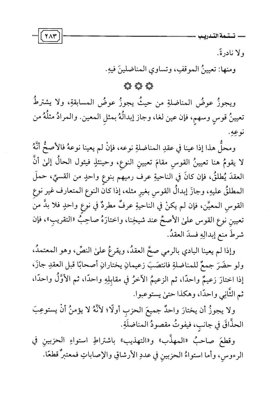ولا يجوزُ أن يختارَ واحدٌ جميعَ الحزبِ أولًا؛ لأنَّهُ لا يؤمنُ أَنْ يستوعِبَ الحذَّاقَ في جانبٍ، فيفوتُ مقصودُ المناضلَةِ.
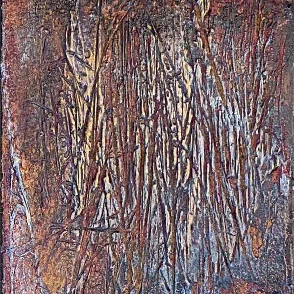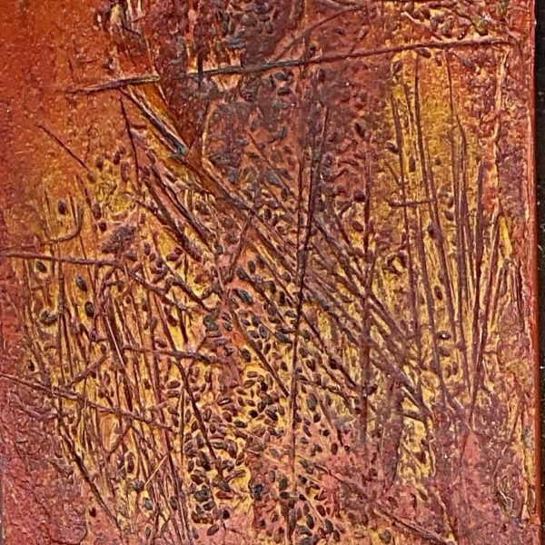 Created with stone texture, embedded Indian grass and Kansas wheat, rust, and paint.
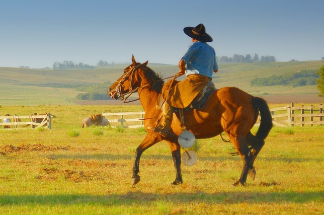 "Extensas pradarias e coxilhas compõem o cenário conhecido como o Pampa. É nesse teritório e espaço físico que habita o gaúcho. Imensos campos verdes, açudes, pássaros e mata nativa formam uma paisagem sóbria e bela, que no passado foi berço de movimentos armadas, como a Revolução Farroupilha, episódio da história do Brasil, contado em produções cinematográficas e de TV"
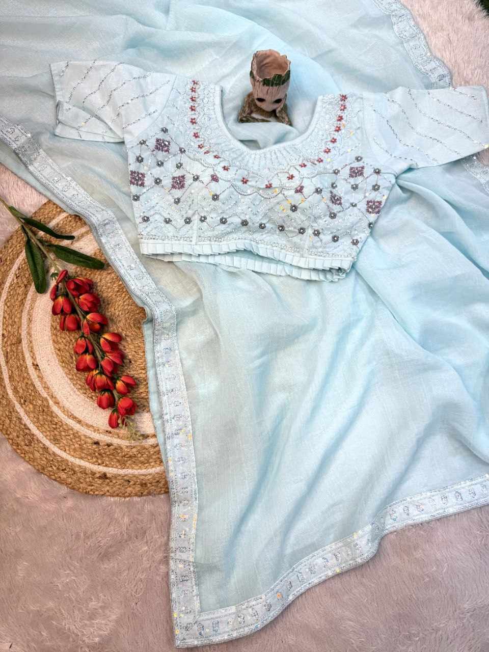 RC Party Wear Blue Crush Shining Saree With Beautiful Heavy Handwork

**What needs to be done:** From the first line to the last, please copy the data exactly, with the pictures left out.

**Response to the task:**
ولا يجوزُ أن يختارَ واحدٌ جميعَ الحزبِ أولًا؛ لأنَّهُ لا يؤمنُ أَنْ يستوعِبَ الحذَّاقَ في جانبٍ، فيفوتُ مقصودُ المناضلَةِ.
 Created with stone texture, embedded Indian grass and Kansas wheat, rust, and paint.
 "Extensas pradarias e coxilhas compõem o cenário conhecido como o Pampa. É nesse teritório e espaço físico que habita o gaúcho. Imensos campos verdes, açudes, pássaros e mata nativa formam uma paisagem sóbria e bela, que no passado foi berço de movimentos armadas, como a Revolução Farroupilha, episódio da história do Brasil, contado em produções cinematográficas e de TV"
 RC Party Wear Blue Crush Shining Saree With Beautiful Heavy Handwork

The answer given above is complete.